Using the material that follows, output exactly the lines from the one containing "在新老生经验交流环节,王雷老" through the one containing "機(jī)器采用的是不銹鋼材", with both ends kept.

EXERCISE INPUT:

--------------------------------

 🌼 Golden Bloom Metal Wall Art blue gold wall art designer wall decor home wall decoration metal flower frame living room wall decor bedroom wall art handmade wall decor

--------------------------------

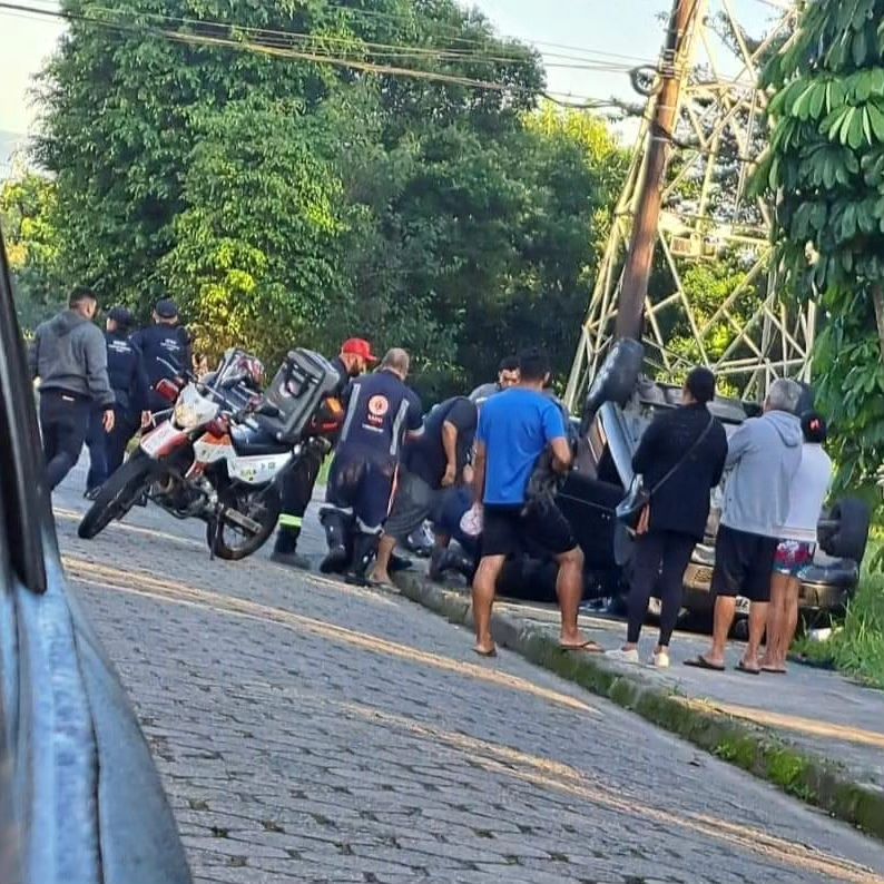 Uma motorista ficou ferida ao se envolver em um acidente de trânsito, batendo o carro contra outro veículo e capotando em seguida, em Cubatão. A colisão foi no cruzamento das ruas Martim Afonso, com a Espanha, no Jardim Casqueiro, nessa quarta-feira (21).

--------------------------------

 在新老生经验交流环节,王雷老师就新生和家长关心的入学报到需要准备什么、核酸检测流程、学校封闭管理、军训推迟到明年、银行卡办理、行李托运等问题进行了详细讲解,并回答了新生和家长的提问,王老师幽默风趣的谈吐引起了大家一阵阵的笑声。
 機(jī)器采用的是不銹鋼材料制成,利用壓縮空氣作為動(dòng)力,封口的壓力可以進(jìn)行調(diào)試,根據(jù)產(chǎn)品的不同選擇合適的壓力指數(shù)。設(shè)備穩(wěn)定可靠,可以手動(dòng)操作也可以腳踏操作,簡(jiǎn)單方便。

--------------------------------

RESPONSE TO THIS EXERCISE:
 在新老生经验交流环节,王雷老师就新生和家长关心的入学报到需要准备什么、核酸检测流程、学校封闭管理、军训推迟到明年、银行卡办理、行李托运等问题进行了详细讲解,并回答了新生和家长的提问,王老师幽默风趣的谈吐引起了大家一阵阵的笑声。
 機(jī)器采用的是不銹鋼材料制成,利用壓縮空氣作為動(dòng)力,封口的壓力可以進(jìn)行調(diào)試,根據(jù)產(chǎn)品的不同選擇合適的壓力指數(shù)。設(shè)備穩(wěn)定可靠,可以手動(dòng)操作也可以腳踏操作,簡(jiǎn)單方便。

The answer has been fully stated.